Status
Current state: Under Discussion
Discussion thread: here
JIRA:
Please keep the discussion on the mailing list rather than commenting on the wiki (wiki discussions get unwieldy fast).
Motivation
Headers have been introduced in almost all Kafka components (broker, producer API, consumer API, connect API). This KIP is aimed to add Record Headers support as part of Streams Processor API first, to then discuss about how to approach its support on the DSL API level.
Headers can be used on different scenarios (e.g. propagating Tracing context between different components, operational information that can be used for filtering, etc.).
Headers must be propagated downstream to make them available on Sinks, and available on Processors to be able to manipulate them (e.g. in the cases of Distributed Tracing, it will be used to create Spans and injecting context for following Nodes), using Headers API.
Public Interfaces
Add headers as part of processing:
org.apache.kafka.streams.processor.ProcessorContext:
* Headers headers();
org.apache.kafka.streams.processor.MockProcessorContext:
* setRecordMetadata(final String topic, final int partition, final long offset, final Headers headers, final long timestamp)
* void setHeaders(final Headers headers)
Proposed Changes
Adding `headers()` to `ProcessorContext` will enable custom processors and future DSL processors to have Headers available.
Internally, some components need to have headers available on the ProcessorContext, like:
* o.a.k.s.p.i.AbstractProcessorContext
* o.a.k.s.p.i.GlobalStateUpdateTask
* o.a.k.s.p.i.ProcessorRecordContext
* o.a.k.s.p.i.RecordCollector
* o.a.k.s.p.i.RecordCollectorImpl
* o.a.k.s.p.i.RecordContext
* o.a.k.s.p.i.RecordDeserialized
* o.a.k.s.p.i.SinkNode
* o.a.k.s.p.i.StampedRecord
* o.a.k.s.p.i.LRUCacheEntry
More details on PR: https://github.com/apache/kafka/pull/4955
As Cache Store has headers available, then Headers will be propagated downstream to following nodes.
Persistent Stores (e.g.
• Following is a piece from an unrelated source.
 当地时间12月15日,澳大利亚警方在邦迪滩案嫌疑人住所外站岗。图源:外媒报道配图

RocksDB) only consider Key Value pairs, therefore Headers are not propagated on stateful operations.
Headers Inheritance
1. To make the inheritance implementation of headers consistent with what we had with other record context fields. I.e. pass through the record context in `context.forward()`. Note that within a processor node, users can already manipulate the Headers with the given APIs, so at the time of forwarding, the library can just copy what-ever is left / updated to the next processor node.
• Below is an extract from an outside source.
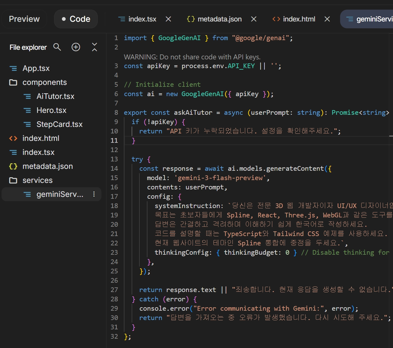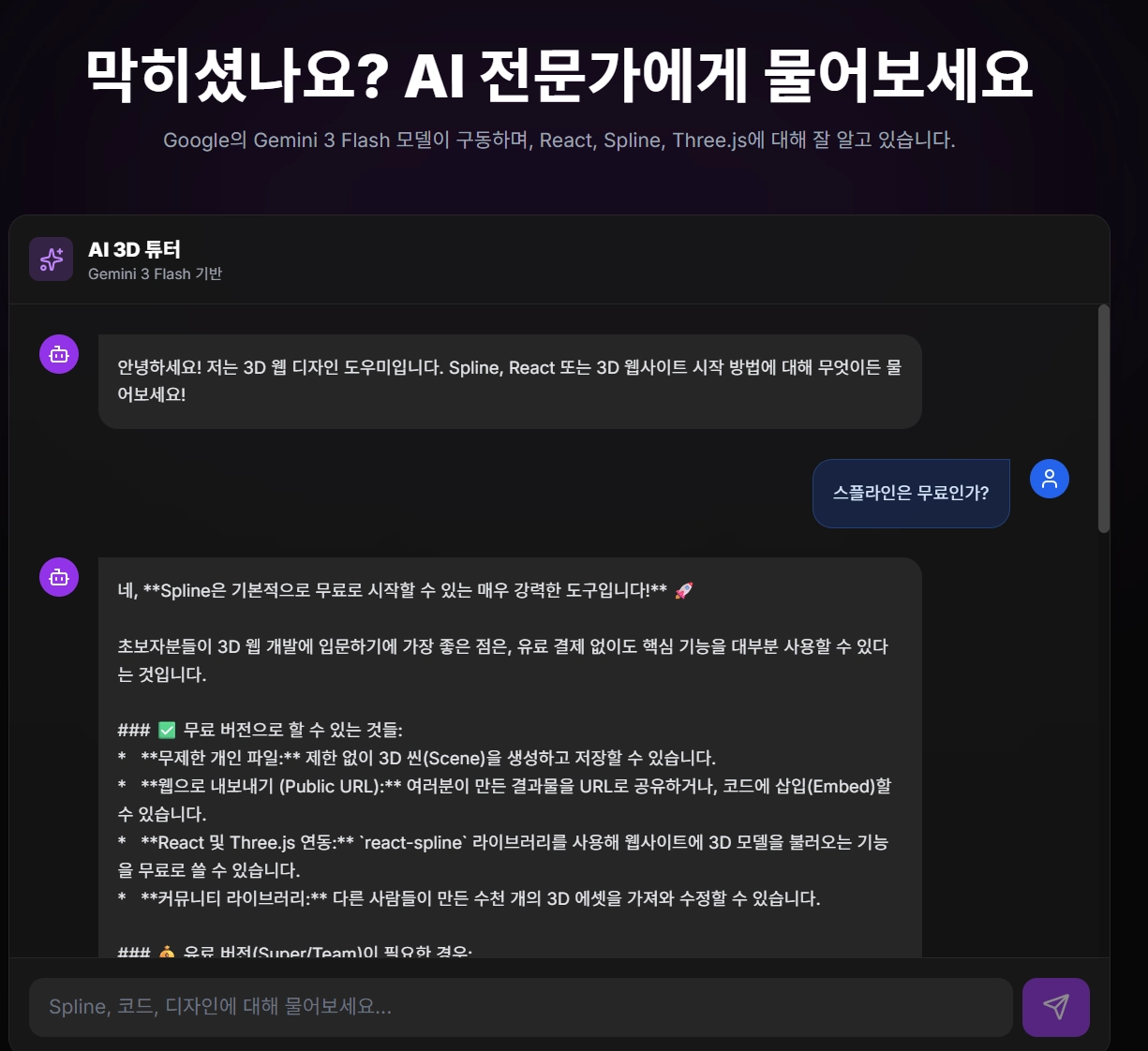 API키를 활용해 Gemini기반 챗봇까지 들어가 있는 훌륭한 결과를 볼 수 있다!

2. In the sink node, where a record is being sent to the Kafka topic, we should consider the following:
a. For sink topics, we will set the headers into the producer record.
b. For repartition topics, we will the headers into the producer record.
c. For changelog topics, we will drop the headers in the produce record since they will not be used in restoration and not stored in the state store either.
Compatibility, Deprecation, and Migration Plan
- Clients using High-Level DSL and Processor API should not be affected with changes proposed.
- As Headers are propagated downstream, Clients that have Sources with Records that have Headers, will end up with Headers on Sink Topics.
Rejected Alternatives
1. Adding Headers to KTable API will mean propagate Headers to Stores that are Key Value specific like RocksDB. If headers are required in stateful operations, clients will need to map headers values first to key or value and then do processing.
2. Adding Headers to DSL API.
Future Work
- Adding DSL Processors to use Headers to filter/map/branch. Potentially supported by KIP-159.